May 29, 2014 2 comments

I think I have discovered a new kind of program testing that may soon need to be performed by anybody wanting to create ultra-reliable software.

A previous post discussed the compiler related work being done to reduce the probability that a random bit-flip in the memory used by an executing program will result in a change in behavior. At the moment 4G of ram is expected to experience 1 bit-flip every 33 hours due to cosmic rays and the rate of occurrence is likely to increase.

Random corrupts on communications links are protected by various kinds of CRC checks.
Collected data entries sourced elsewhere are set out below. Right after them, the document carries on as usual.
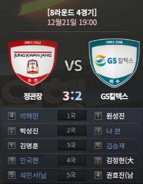 4국 정관장 안국현(3지명) vs GS칼텍스 김정현(2지명)
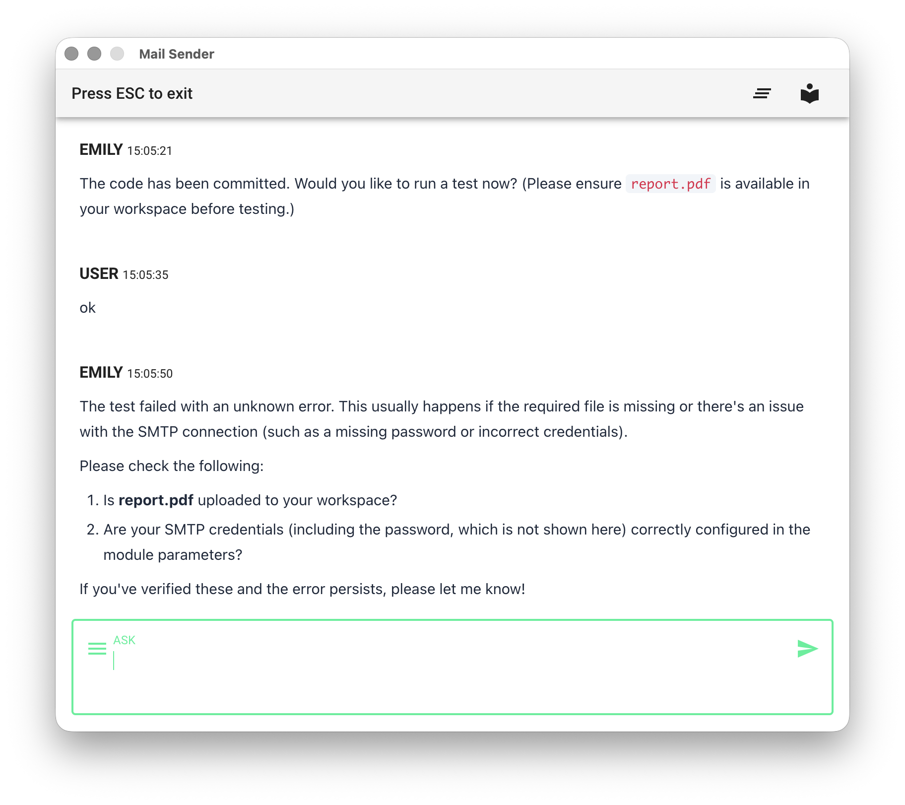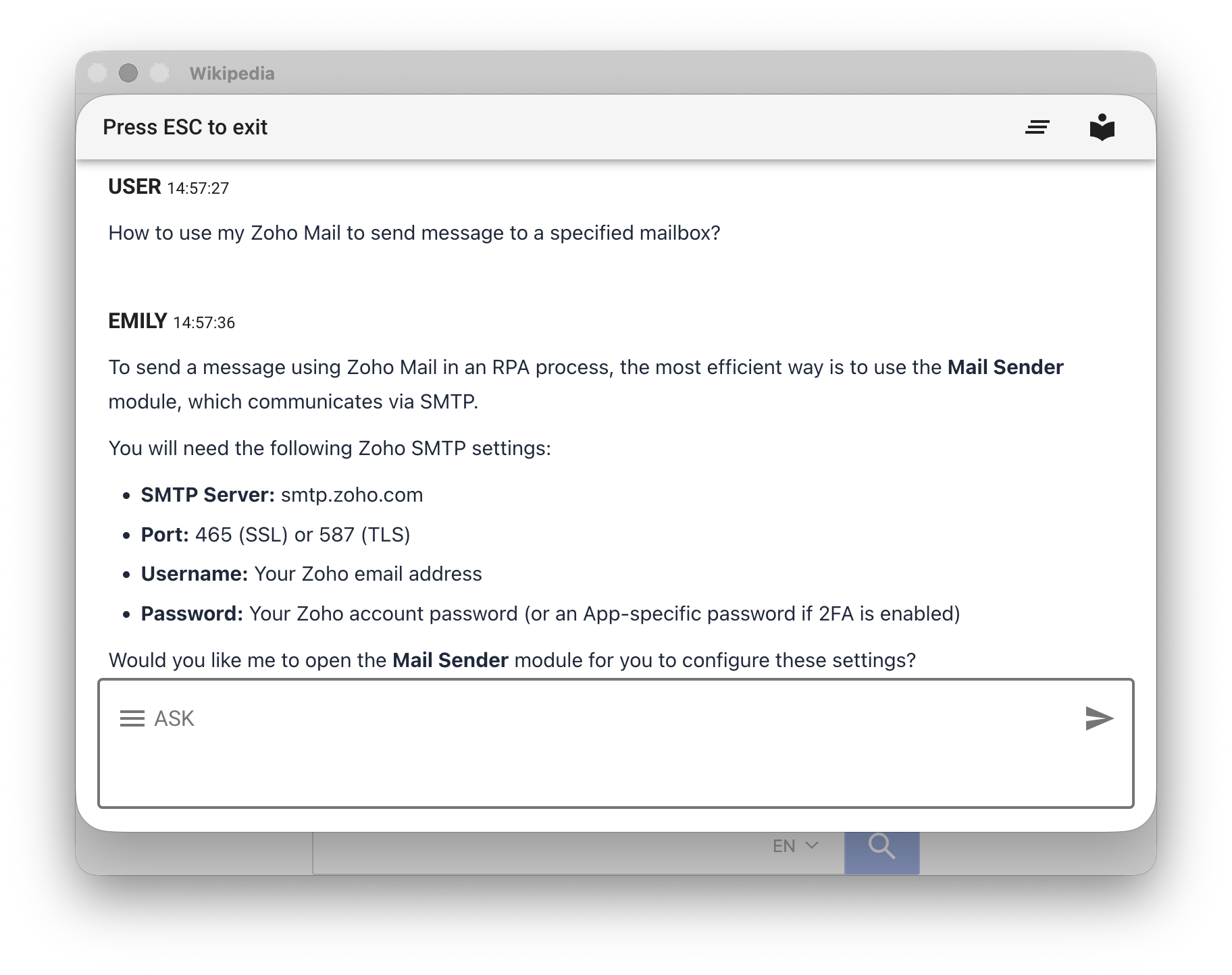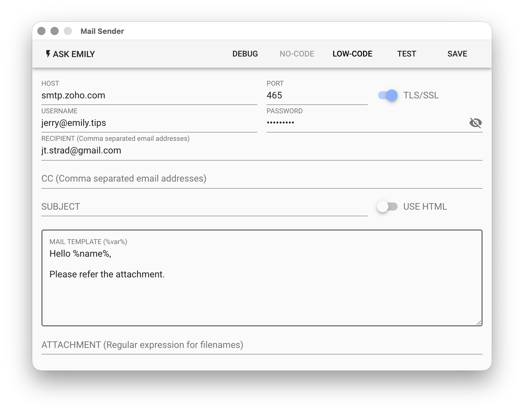 Most modules provide a No-Code editor for editing module parameters or commands. For example, with the "Send Email" module, if the rules don't vary much, users can directly configure email parameters in the No-Code editor. If a field hint shows %VAR% or %FILENAME%, it means the field accepts variables, where the variable name corresponds to the base filename of a document in the working folder. For example, the content of %name% will be replaced with the content of name.txt in the working folder.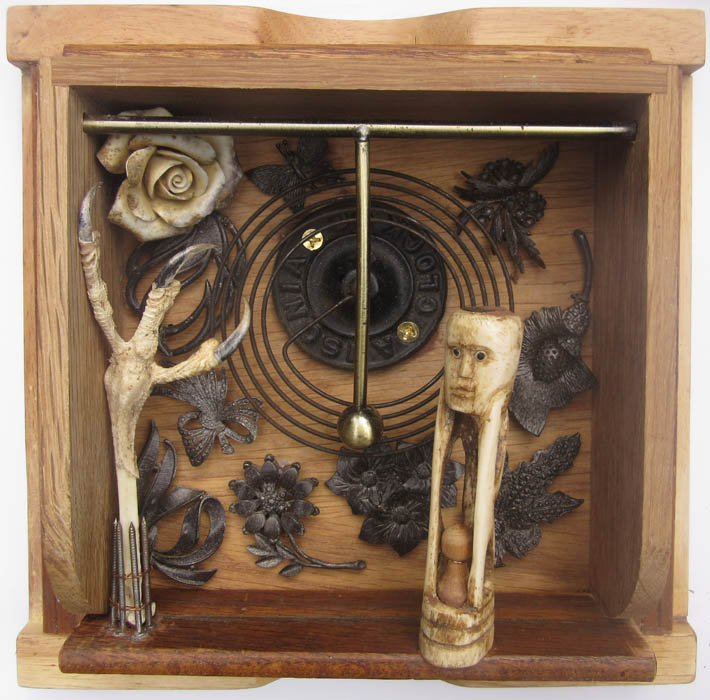 bone carving, clock chime, metal and ceramic flowers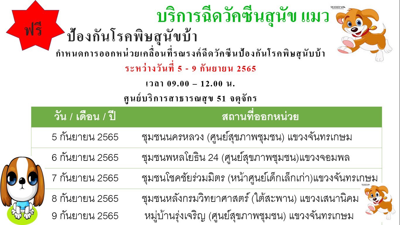 สำนักงานเขตจตุจักร ร่วมศูนย์บริการสาธารณสุข 51 (จตุจักร) จัดหน่วยเคลื่อนที่ให้บริการฉีดวัคซีนป้องกันโรคพิษสุนัขบ้าในสัตว์เลี้ยงในพื้นที่เขตจตุจักร จึงขอเชิญชวนประชาชนนำสัตว์เลี้ยง สุนัขและแมวที่มีสุขภาพแข็งแรง อายุ 3 เดือนขึ้นไป ไปฉีดวัคซีนป้องกันโรคพิษสุนัขบ้าที่หน่วยบริการฉีดวัคซีนฯ เคลื่อนที่ใกล้บ้านท่าน โดยไม่เสียค่าใช้จ่าย ตั้งแต่วันที่ 5 – 16 กันยายน 2565 เวลา 09.00 – 12.00 น.

But these checks don’t catch every corruption, some get through.

Research by Artem Dinaburg looked for, and found, occurrences of bit-flips in domain names appearing within HTTP requests, e.g., a page from the domain ikamai.net being requested rather than from akamai.net. A subsequent analysis of DNS queries to VERISIGN’S name servers found “… that bit-level errors in the network are relatively rare and occur at an expected rate.” (the 2.10^{-9} bit error rate was thought to occur inside routers and switches).

Javascript is the web scripting language supported by all the major web browsers and the source code of JavaScript programs is transmitted, along with the HTML, for requested web pages. The amount of JavaScript source can dwarf the amount of HTML in a web page; measurements from four years ago show users of Facebook, Google maps and gmail receiving 2M bytes of Javascript source when visiting those sites.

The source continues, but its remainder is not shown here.